By the end you will have:

* A bimanual SO-101 workspace registered as digital twins on Cyberwave.
* A LeRobot-formatted dataset of teleoperated cloth-folding episodes.
* A fine-tuned SmolVLA checkpoint that maps `language + image` to dual-arm joint actions.
* A closed-loop deployment that runs asynchronous inference on the real robot.

## Architecture

Two short diagrams: the **runtime stack** (bimanual hardware on a Jetson edge node, twins in the cloud) and the **data pipeline** that produces the deployed policy.

**Runtime stack**

```mermaid theme={null}
flowchart LR
  hw["2 × SO-101 (12-DOF)<br/>+ overhead RealSense"] <--> edge["Jetson Orin Nano Super<br/>Cyberwave Edge"]
  edge <--> cloud["Cyberwave Cloud<br/>(2 arm twins + camera twin)"]
  cloud <--> app["Python app<br/>(SDK + direct Feetech bus)"]
```

**Data pipeline**

```mermaid theme={null}
flowchart LR
  collect["Collect dual-arm demos<br/>(12-DOF + RGB-D, 30 Hz)"] --> conv["Convert to<br/>LeRobot v3.0 dataset"]
  conv --> train["Fine-tune SmolVLA<br/>(450M VLA)"]
  train --> infer["Async inference<br/>(action chunks → 12-DOF)"]
```

## Prerequisites

* **Hardware**
  * 2 × SO-101 6-DOF arms (leader + follower per side; 12-DOF total action space across both followers)
  * 1 × Intel RealSense D435i or D455 (RGB + depth, mounted overhead)
  * A flat workspace and a piece of cloth (the authors started with a napkin)
  * Edge device for inference: NVIDIA Jetson Orin Nano Super or comparable
* **Credentials**: Cyberwave API key (see [API Reference → Authentication](/api-reference/overview#authentication)).
* **Base setup**: complete [SO-101 Get Started](/hardware/so101/get-started) for one arm pair before scaling to two.

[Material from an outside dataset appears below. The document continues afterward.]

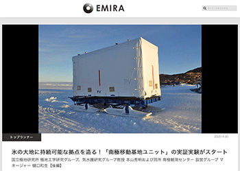 「氷の大地に持続可能な拠点を造る!「南極移動基地ユニット」の実証実験がスタート」という国立極地研究所の本山秀明教授と樋口和生氏に話を聞いている記事が、EMIRAに掲載されています。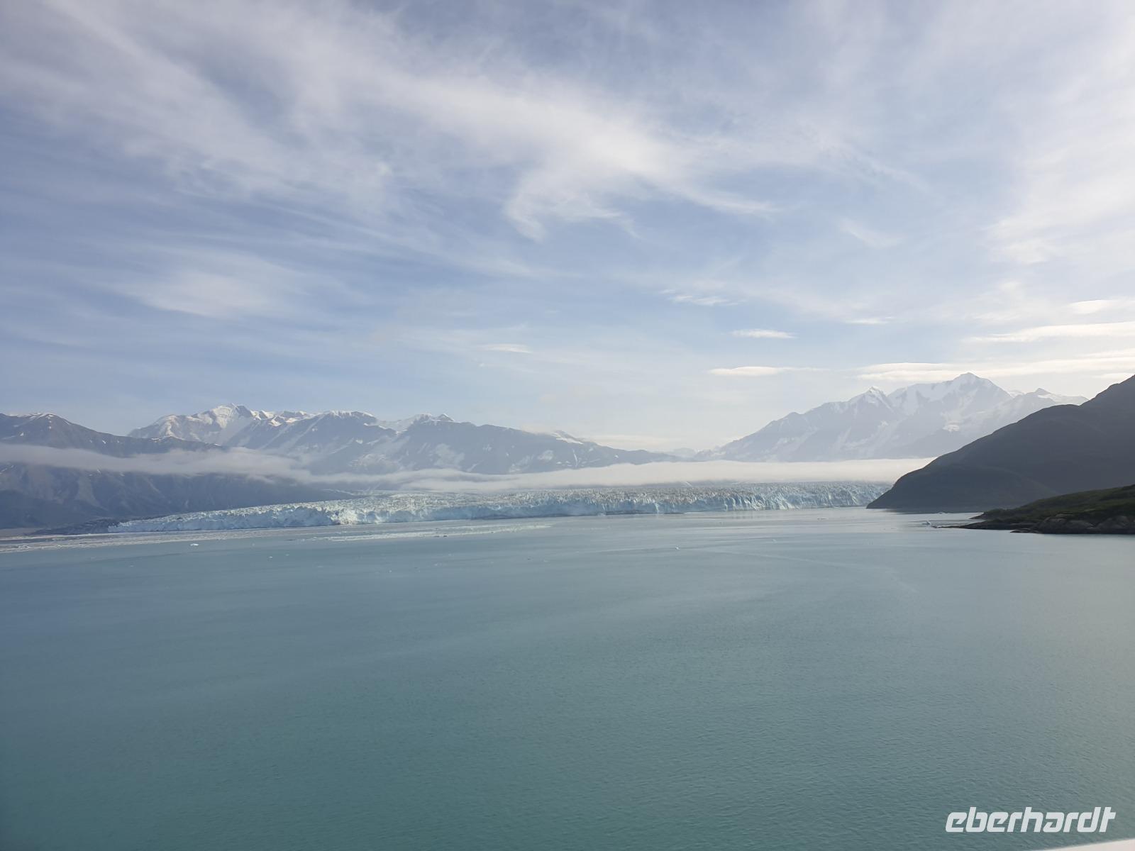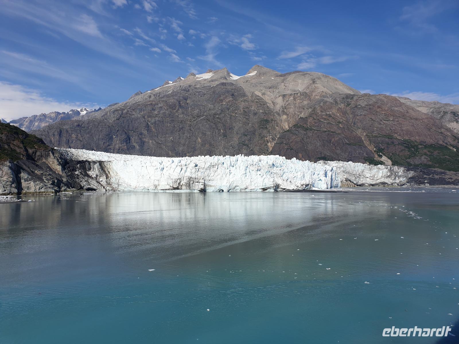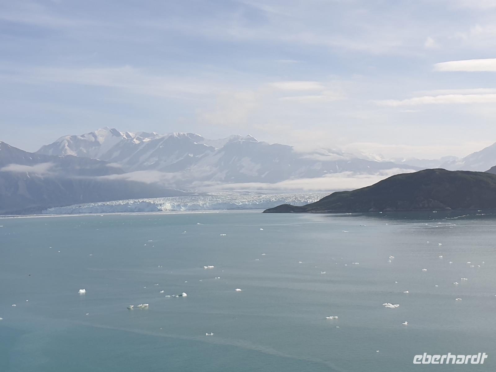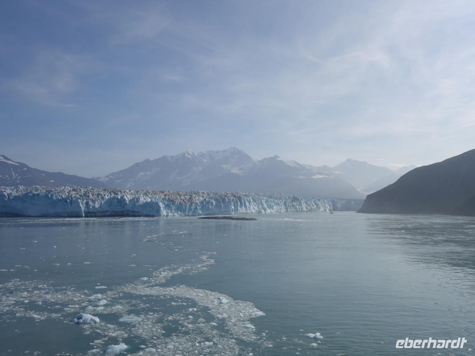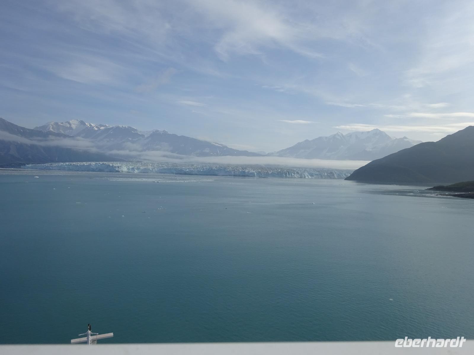 Der letzte Seetag bringt uns ganz nah an den gigantischen Hubbard Gletscher, Nordamerikas größten Gezeitengletscher. Er besteht aus 3.500km² blauen Eis und ist einer der aktivsten Gletscher in Alaska. Das können wir hautnah miterleben! Es klingt wie ein Gewitter, das aufzieht, kurz bevor der Gletscher kalbt. Der Hubbard Gletscher befindet sich zu einem Teil in Ostalaska und zum anderen Teil in Yukon, Kanada. Er wurde nach Gardiner Hubbard, dem Präsidenten der Bell Telefongesellschaft benannt. Bevor der Hubbard Gletscher das Meer erreicht, verbindet er sich im Westen mit den Valerie Gletscher. Es ist ein einmaliges Erlebnis und wieder einmal haben wir den Jackpot in Sachen Wetter gezogen. Ein herrlicher Morgen, erst liegt noch der Nebel über den „Hubbi", aber schon bald verschwindet diese und gibt die Sicht auf die wunderschönen in der Sonne glitzernde schneebedeckte Gipfel. Das auf dem Wasser treibende Eis mit dem gigantischen Gletscher im Hintergrund ist definitiv ein Bild für die Ewigkeit.

The teleop and calibration steps generalize directly.

## Step 1: Set up Cyberwave

A bimanual configuration mimics human dexterity, which is essential for handling fabric: one arm pinches and lifts, the other tucks and folds. Position both SO-101 follower arms facing each other with a shared workspace between them, and mount the RealSense overhead with a clear top-down view of the cloth before starting the steps below.

### Install the Edge Core on the edge device

This project deploys onto an NVIDIA Jetson Orin Nano Super, but the same flow works on a Raspberry Pi 4 (arm64) or any Linux box wired to the four serial ports.

```bash theme={null}
ssh your_user@edge_device_ip
curl -fsSL https://cyberwave.com/install.sh | bash
sudo cyberwave edge install
```

Follow the prompts to log in and select your environment. The CLI will install a systemd service and the Docker drivers for the SO-101 arms.

### Set up the Cyberwave environment

You need one Cyberwave environment that contains **both** SO-101 arm pairs and the RealSense camera, all paired to the hardware on your edge device. The full reference is in [SO-101 Get Started: Set Up the Cyberwave Environment](/hardware/so101/get-started#step-1-set-up-the-cyberwave-environment).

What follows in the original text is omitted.